What is the difference between me and Ken Ham?

I was watching Ken Ham brainwashing a mass of children on Youtube an hour ago and I was overcome by feelings of hysterical contempt.  I can’t stand religious jibber jabber.  As far as I’m concerned, I am the god of my own existence – I am the ultimate authority on all matters pertaining to my own experience of life, the dictator of my own moral principles, and I am responsible for my actions, beliefs and decisions.

Being a god demands the continuous absorption and integration of new information, especially information that conflicts with my perspective.  Everything must be taken into account, everything must find a place in the whole, every commentator gets a seat at the table.  When one is personally responsible for the quality of one’s own brief, beautiful and improbable experience of awareness, failing to contemplate multiple perspectives is malpractice of the highest degree.  It fractures the mind.  It sends vital aspects of human psychology scurrying into dark corners to escape the wrath of dominant, fixed ideas – from whence they take the reins of emotion and wreak holy havoc in complete anonymity.
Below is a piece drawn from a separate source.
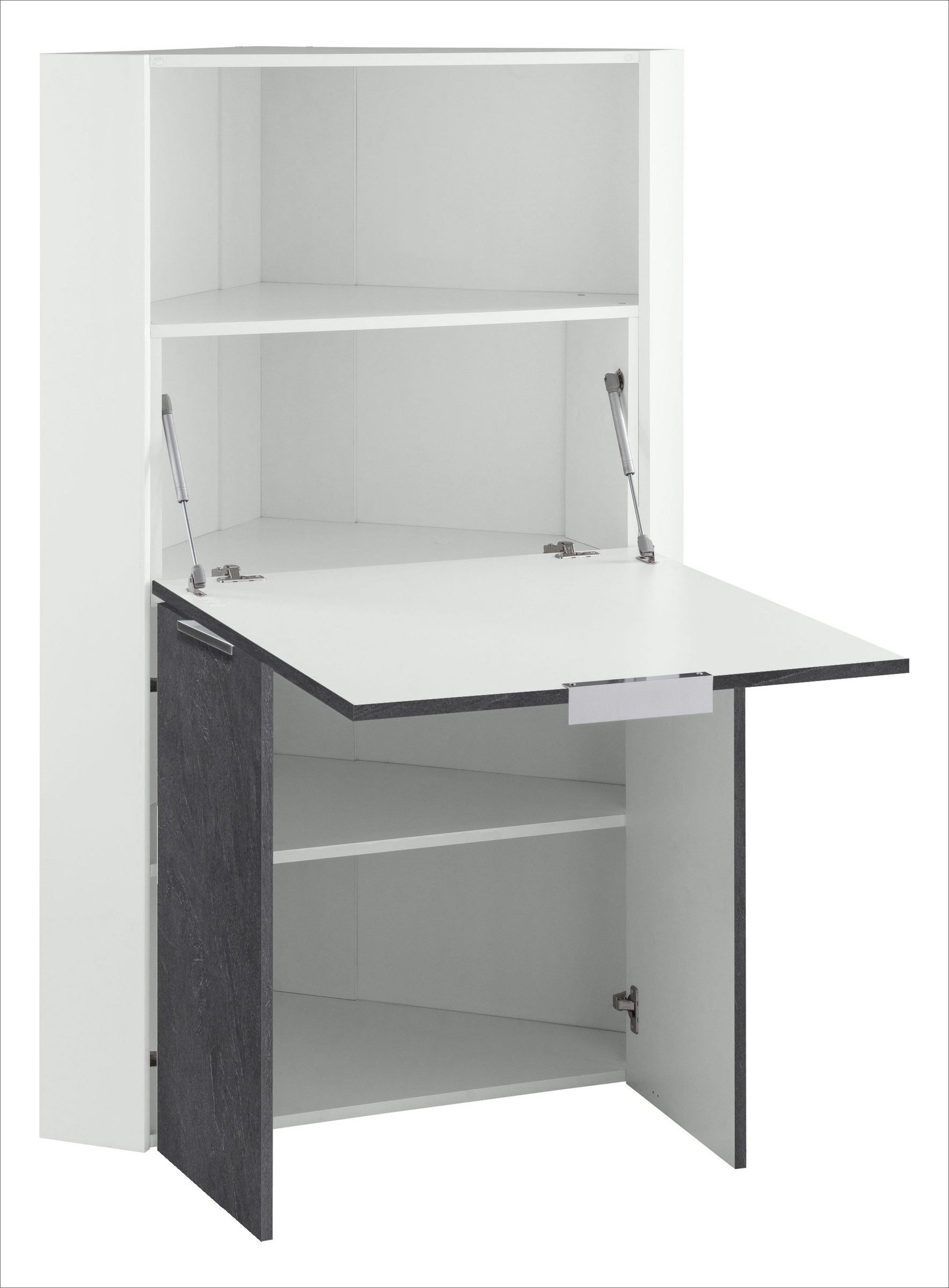 Der Eckschreibtisch Desenzano vereint modernes Design mit hoher Funktionalität und ist die ideale Lösung für Ihr Homeoffice. Mit einer Breite von 70 cm, einer Höhe von 140 cm und einer Tiefe von 57 cm bietet er ausreichend Platz für Ihre Arbeitsutensilien und einen komfortablen Arbeitsplatz. Die elegante Farbgebung in Weiß Hochglanz für den Korpus und Schiefer Nachbildung für Türen und Klappen sorgt für eine stilvolle Atmosphäre. Dieses Möbelstück fügt sich harmonisch in verschiedene Einrichtungsstile ein und setzt gleichzeitig ein modernes Statement. Der Desenzano Eckschreibtisch besteht aus melaminharzbeschichteter Spanplatte, die für ihre Robustheit und Langlebigkeit bekannt ist. Die Melaminharzbeschichtung macht die Oberfläche besonders pflegeleicht und widerstandsfähig gegen Kratzer und Feuchtigkeit. Das Material ist zudem FSC®-zertifiziert, was garantiert, dass es aus nachhaltiger und verantwortungsvoller Forstwirtschaft stammt. Die Kombination aus Weiß Hochglanz und Schiefer Nachbildung verleiht dem Schreibtisch ein modernes, elegantes Aussehen, das zu jeder Büroeinrichtung passt. Der Schreibtisch ist mit praktischen Stauraumlösungen ausgestattet. Er verfügt über zwei Drehtüren, die zusätzlichen Platz für Dokumente und Bürobedarf bieten, sowie eine Klappe, die einen schnellen Zugriff auf häufig benötigte Utensilien ermöglicht. Zwei Einlegeböden im Inneren der Türen sorgen für zusätzliche Ordnung und Flexibilität. Diese durchdachte Aufteilung hilft Ihnen, Ihren Arbeitsplatz effizient zu organisieren und gleichzeitig einen aufgeräumten und eleganten Eindruck zu hinterlassen. Die Lieferung des Eckschreibtisches Desenzano erfolgt zerlegt, was einen sicheren Transport gewährleistet und Ihnen ermöglicht, das Möbelstück bequem nach Hause zu bringen. Im Lieferumfang ist eine detaillierte Montageanleitung enthalten, die Ihnen Schritt für Schritt beim Aufbau hilft. Dank der klaren Anweisungen und der einfach zu handhabenden Teile können Sie den Schreibtisch

I have learned that I can find the shadowy places where rejected perspectives lurk and expose them to the light by being on the lookout for an exaggerated emotional response to an abstract concept.  Like, for example, my hysterical loathing of Ken Ham for what he’s doing to those kids.  I honestly think the world would be a better place with all the young earth creationists removed – in fact, if I didn’t think the concept was a pitiable load of fanciful rubbish, I’d be as excited about the End of Days as they are!
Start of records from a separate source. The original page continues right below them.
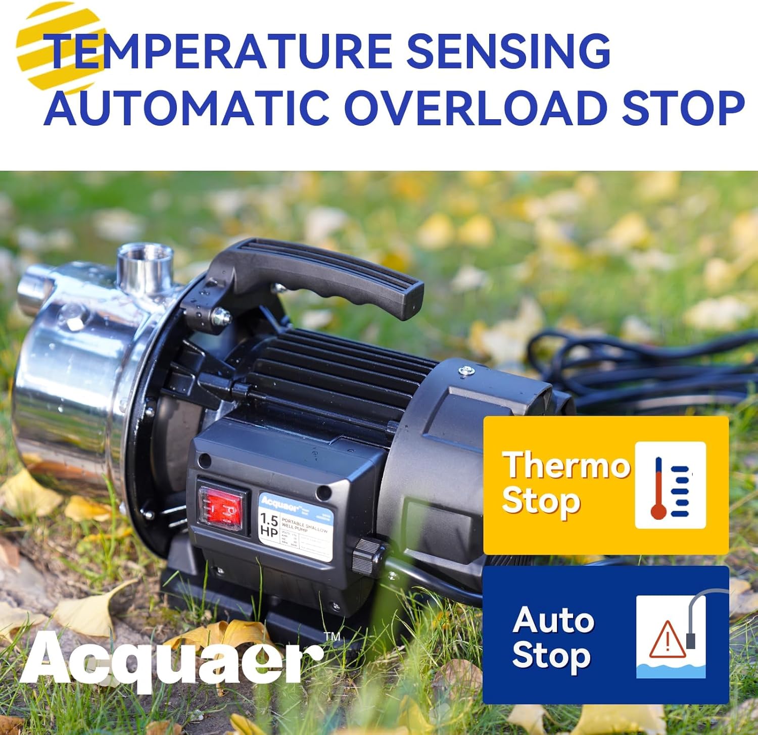 Acquaer 1.5 HP Portable Shallow Well Pump Garden Pump, Stainless Steel, 1210 GPH, 115V Sprinkler Water Transfer Draining Irrigation for Water Removal and Lawn Garden
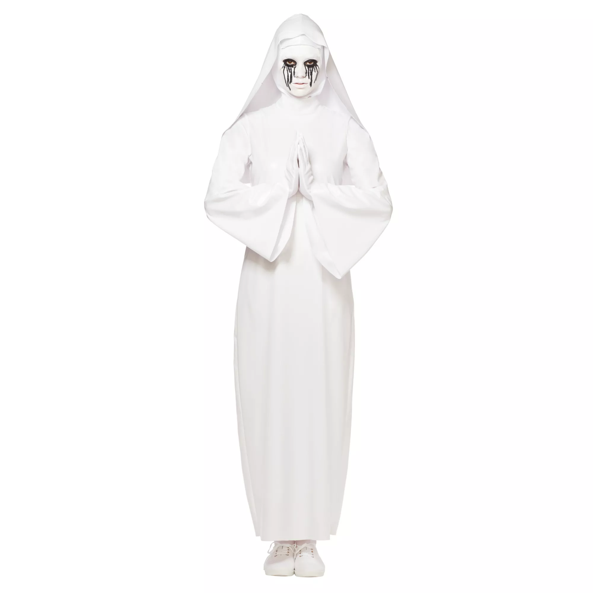 Scare all of your friends with this American Horror Story nun costume. Represent the poster of the hit series American Horror Story: Asylum when you dress in this white robe and head dress. Add some black makeup (sold separately) and you'll be the scariest nun out there this Halloween.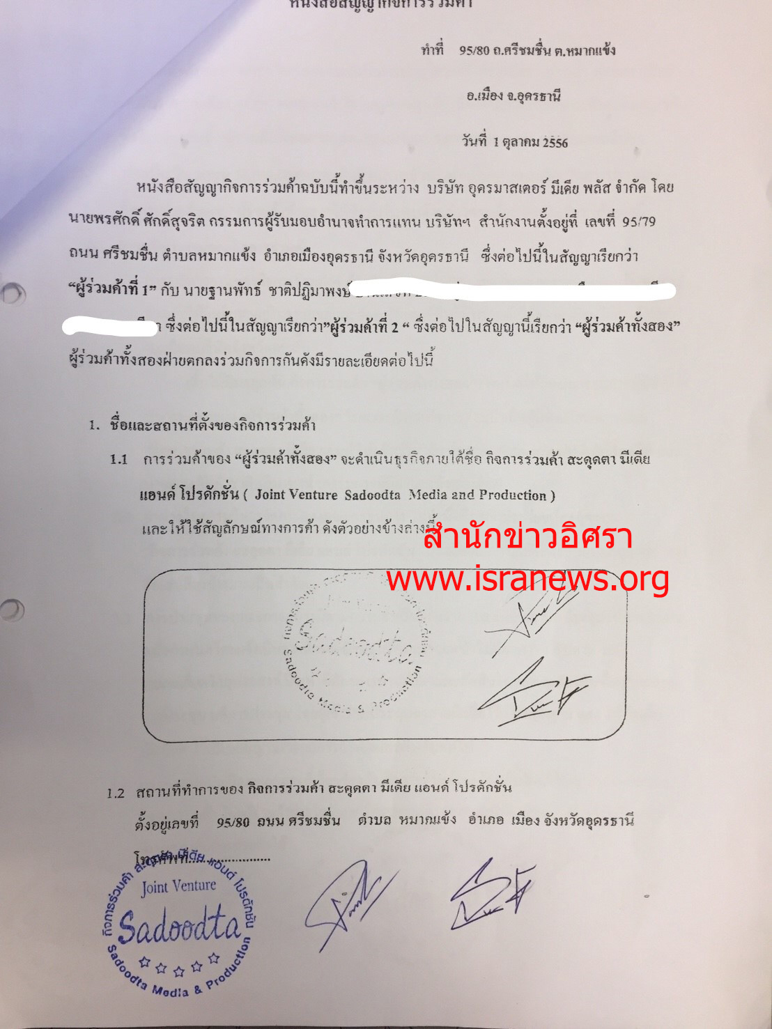 ในหนังสือสัญญากิจการร่วมค้า ปรากฎชื่อ บริษัท อุดรมาสเตอร์ มีเดีย พลัส เป็นผู้ร่วมค้าที่ 1 และ นายฐานพัทธ์ ชาติปฏิมาพงษ์ เป็นผู้ร่วมค้าที่ 2

My love has pointed out that the damage Ken Ham is doing to those kids is insignificant compared to the damage done by having parents that would send you to that type of event, and I agree – but I still hate Ken Ham.  If I met him I would be tempted to spit directly into his face.

I’m sure this is justifiable – I have a mass of clear-headed, rational justifications for my contempt – but lately I can’t silence this niggling  voice in my head that keeps pointing out I must be feeling exactly what fundamentalists feel when they think about people like me.  I believe in liberty, social justice, ecological integrity, the precautionary principle, moral relativism, evolution, education, critical thinking, unrestrained sensuality and intoxicants and my very existence is a living testimony to these beliefs.  I don’t believe in submission to authority of any kind, whether natural or supernatural.  How evil I must seem to them – an icon of everything that is wrong in the world from a fundamentalist perspective; an independent, free-thinking, educated, child-free, intelligent, morally aperspectival, drug using, multi-lingual, globe-trotting, sexually active unmarried female anarchist who hates cooking and hair dryers and loves power tools and diversity.  And my social circle is mostly made up of homosexuals, recovering drug addicts and foreigners.

So do religious fundamentalists hate me in exactly the same way as I hate them – as the negative image of my ideal world – or is there some kind of difference?